Principalmente dovuto al fatto che sto ancora riprendendomi dall’hangover della cena di matrimonio, honestly, sono quasi le due e sono ancora scioccato, era bono il vino.
Questo vuol dire che ancora non sono riuscito ad andare a mare, ma recuperero’ quanto prima.
Avrei alcuni episodi (actually due) da portare alla vostra attenzione ma e’ meglio farli di persona, per non ledere la privacy di qualche ragazza presente in sala, quindi ricordatemeli di dirveli =)
Per il resto va detto che la cerimonia e’ stata rapida e la chiesa aveva l’aria condizionata, la cena era, inoltre, all’aperto, la temperatura era piu’ bassa del solito quindi non ho fatto la sauna nel vestito.
Detto questo niente di che, esiste qualche shot su flickr, piu’ precisamente a questo indirizzo che comunque e’ un catch-all per tutte le mie foto di questo primo segmento di vacanza siciliana.
Saluti, io vorrei andare a mare
June 28th, 2007
Tornato in sede per le dovute e spettate ferie che si prolungheranno fino all’otto luglio.
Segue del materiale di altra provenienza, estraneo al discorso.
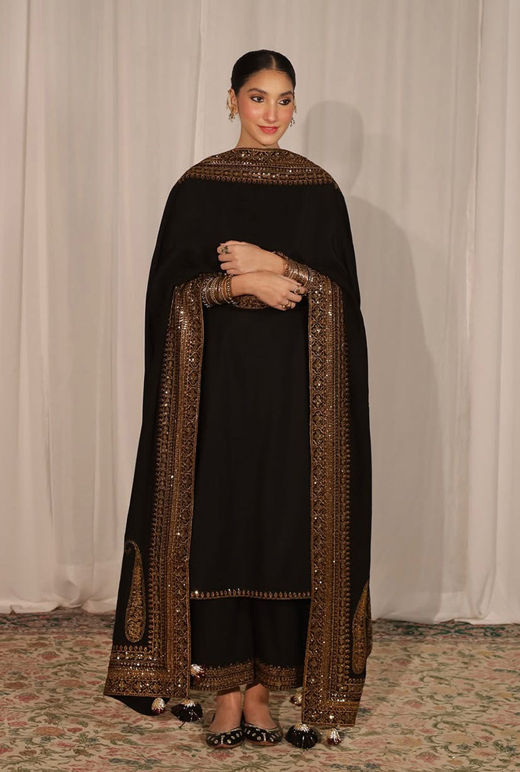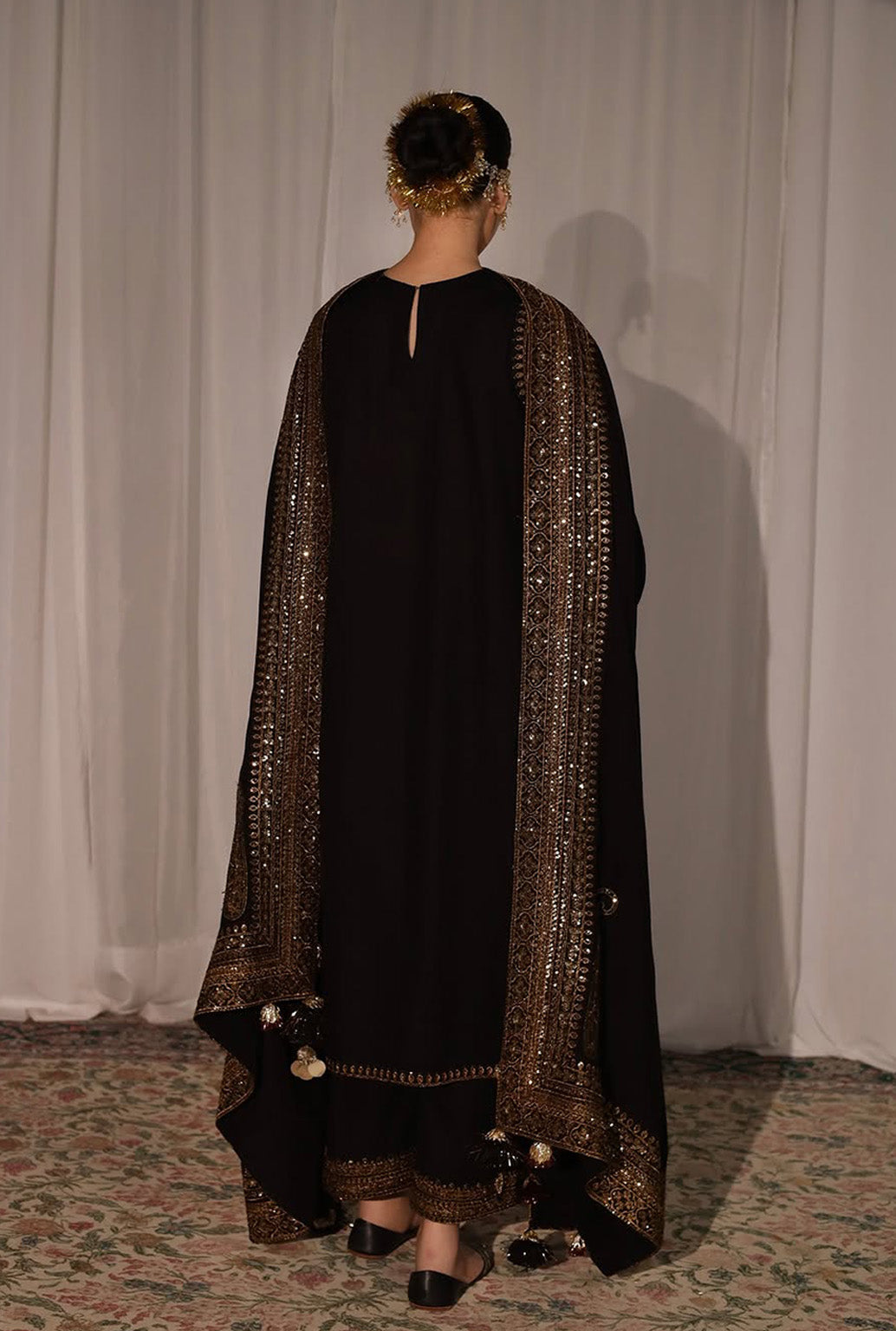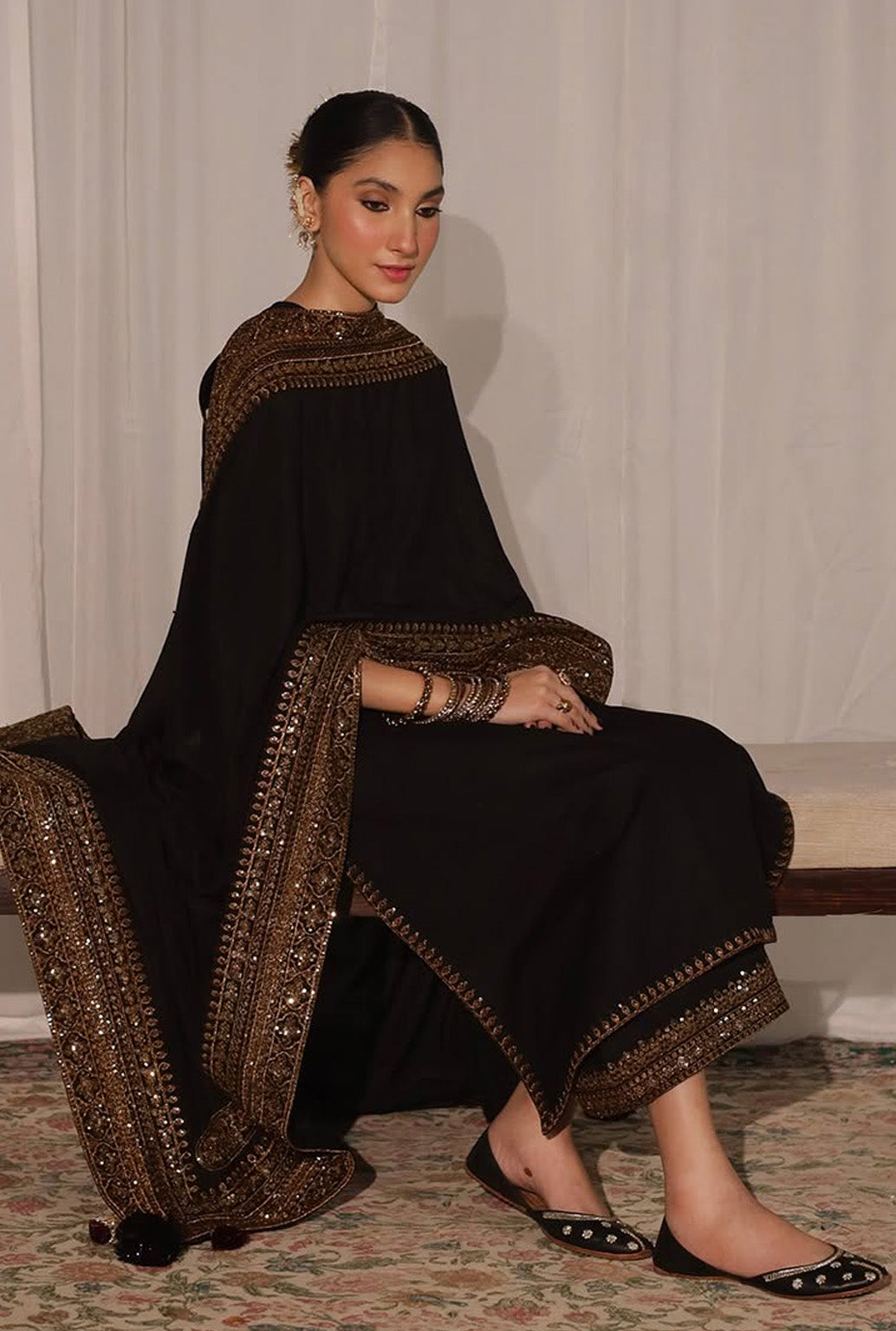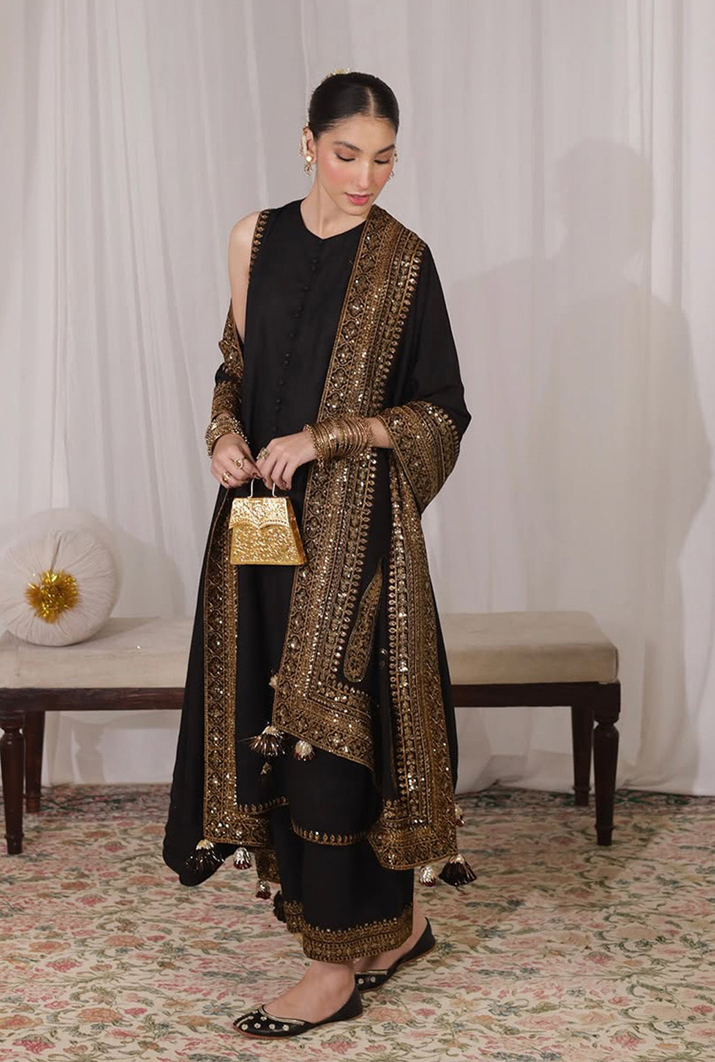This luxurious black three-piece outfit is a celebration of traditional craftsmanship and timeless elegance. The ensemble features a straight-cut shirt made from rich, flowy fabric that drapes gracefully on the body. The neckline, sleeves, and hemline are adorned with intricate antique gold embroidery, enhanced with fine sequins and mirror work that add a subtle shimmer.Paired with wide-leg trousers that are delicately finished with matching embroidered borders, the silhouette offers both comfort and grandeur. The highlight of this ensemble is the heavily embellished dupatta, featuring ornate borders, motif detailing, and handcrafted tassels at the edges —creating a regal, eye-catching appeal.
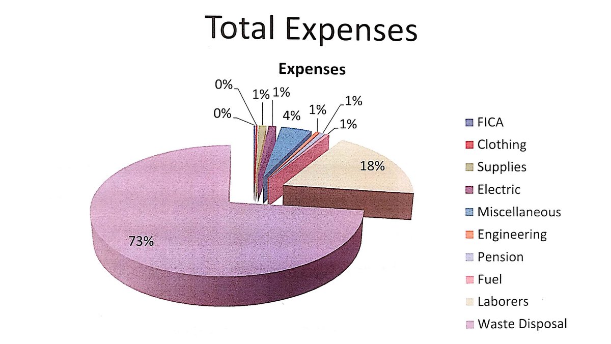 A pie chart expenses for the transfer station. The budget for fiscal 2019 is $455,184.27.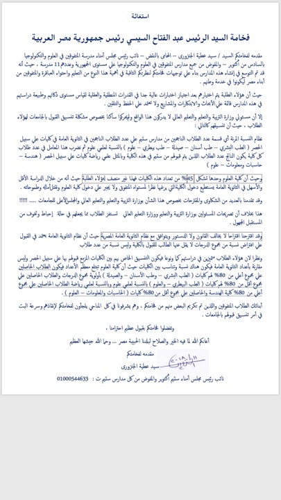 عددهم 11 مدرسة، برسالة استغاثة للرئيس عبدالفتاح السيسي، اعتراضًا على عدم تحديد وزارة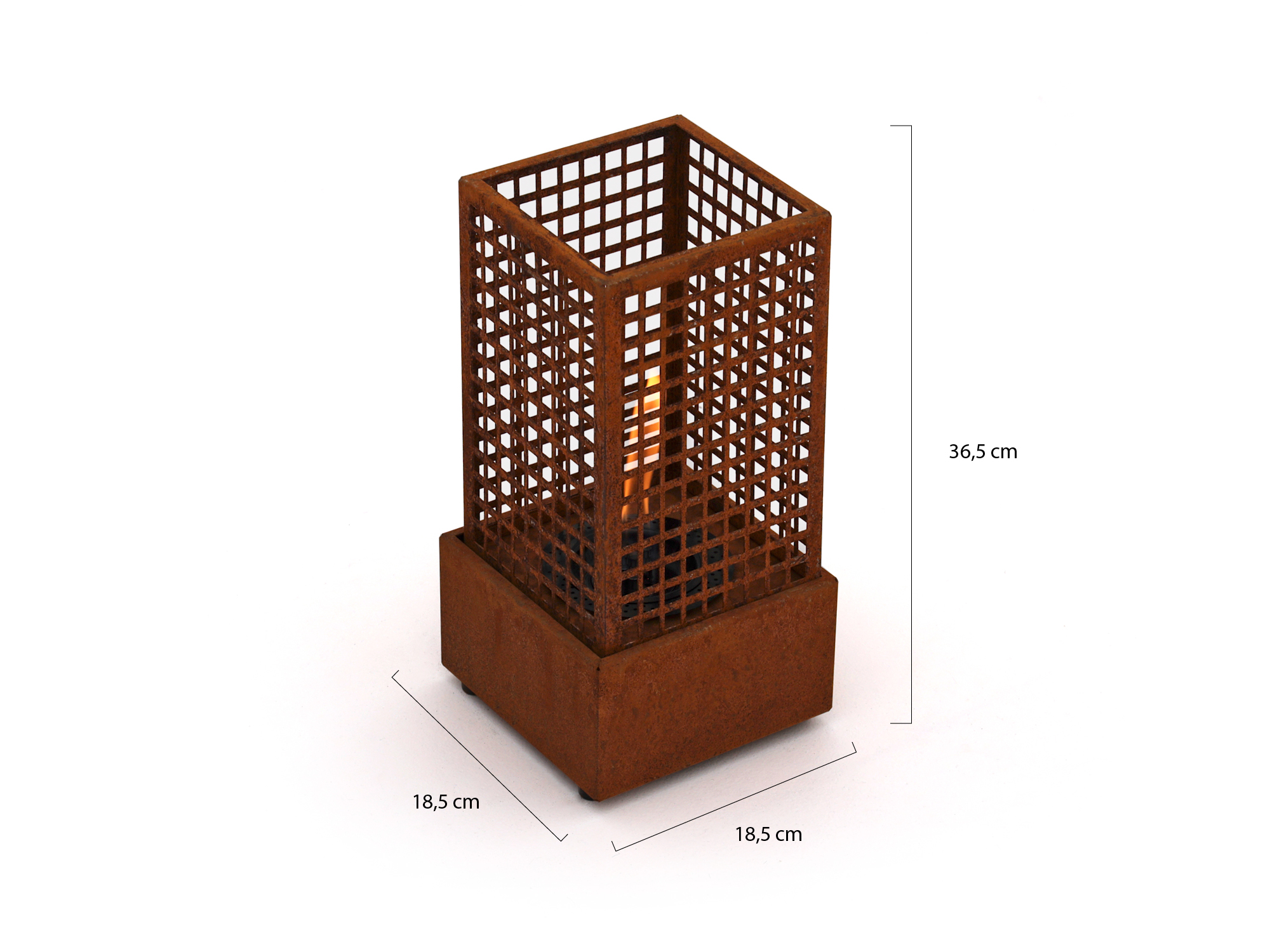 Der Tenderflame Agni 18 ist ein kleinerer Kamin, der sich ideal für Balkon, Patio oder kleine Sitzecken eignet. Mit Maßen von 18,5 x 18,5 cm und einer Höhe von 36,5 cm ist er kompakt, sorgt aber dennoch für echte Wärme. Der Kamin wird ausschließlich mit Tenderfuel betrieben, wodurch weder Rauch, Ruß noch Geruch entstehen.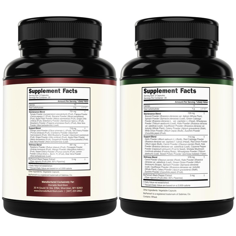 - Manufactured in the USA from Globally Sourced Ingredients - Dorado Nutrition is proudly a 100% American owned company creating jobs & better futures for all our employees & stakeholders. All of our supplements are manufactured in the USA! Our Super Food Fruit and Veggies capsules are made in the USA and safety tested for heavy metal and microbes in a state of the art facility.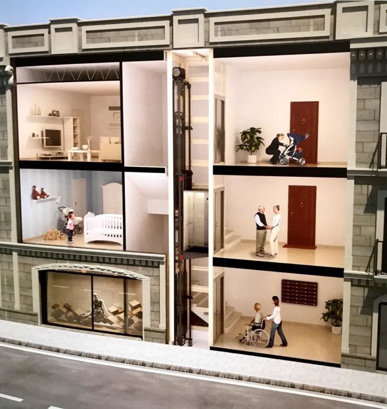 - Las medidas de un elevador se adaptan a huecos irregulares o reducidos.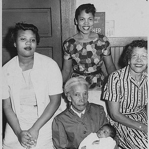 Mother Irene Jackson, Grandmother Stella Woods, Great Grandmother Jones, and Great-Great Grandmother ? Pose with Baby Anthony Jackson in Tulare, CA, in the late 1940s. (Photo courtesy of Stella Woods)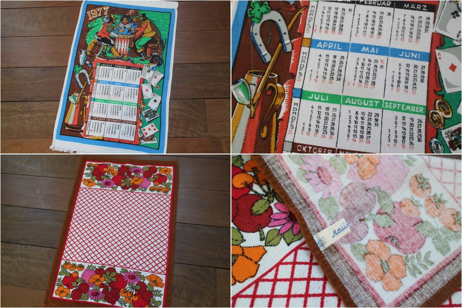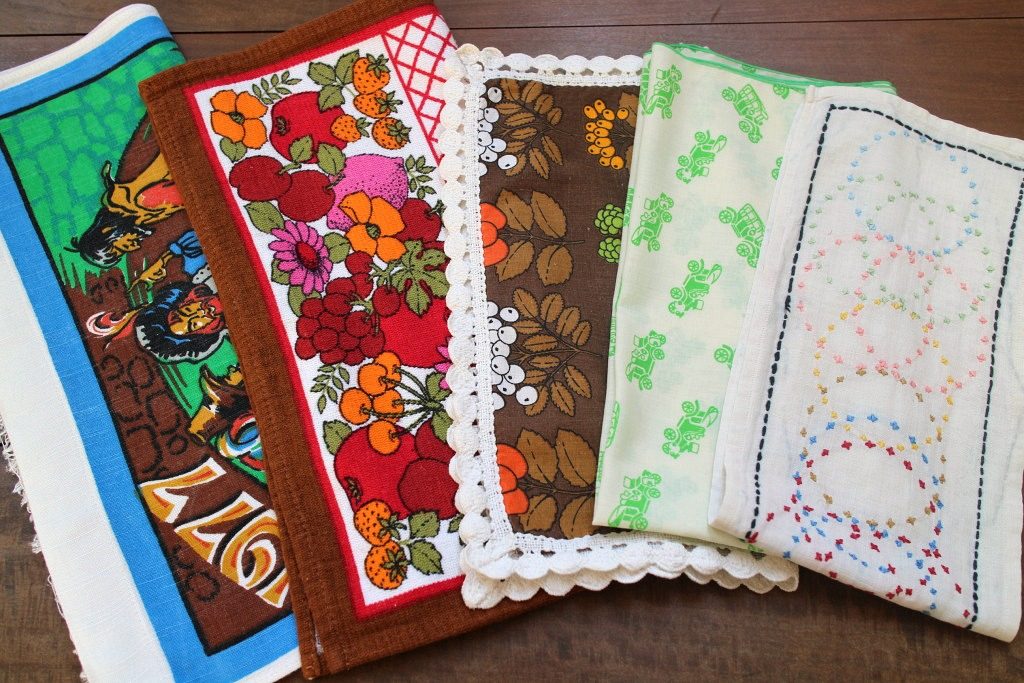 ベルリンの蚤の市で見つけた、レトロな風合いたっぷりのティータオル5枚セット。

Che dire, potrei fare il solito post sulle cose da fare e che si pensano appena tornati in Italia ma non ho voglia di dilungarmi troppo perche’
1) fa caldo
2) tra poco esco
Ergo mi limitero’ a dire che il bidet e’ una delle piu’ grandi invenzioni della storia dell’umanita’ e che solo gli italiani sono capaci ad usarlo come si deve (pare si dica che i francesi ci si lavino i piedi), quindi ho approfittato subito dell’utilizzo di questa tecnologia avanzata.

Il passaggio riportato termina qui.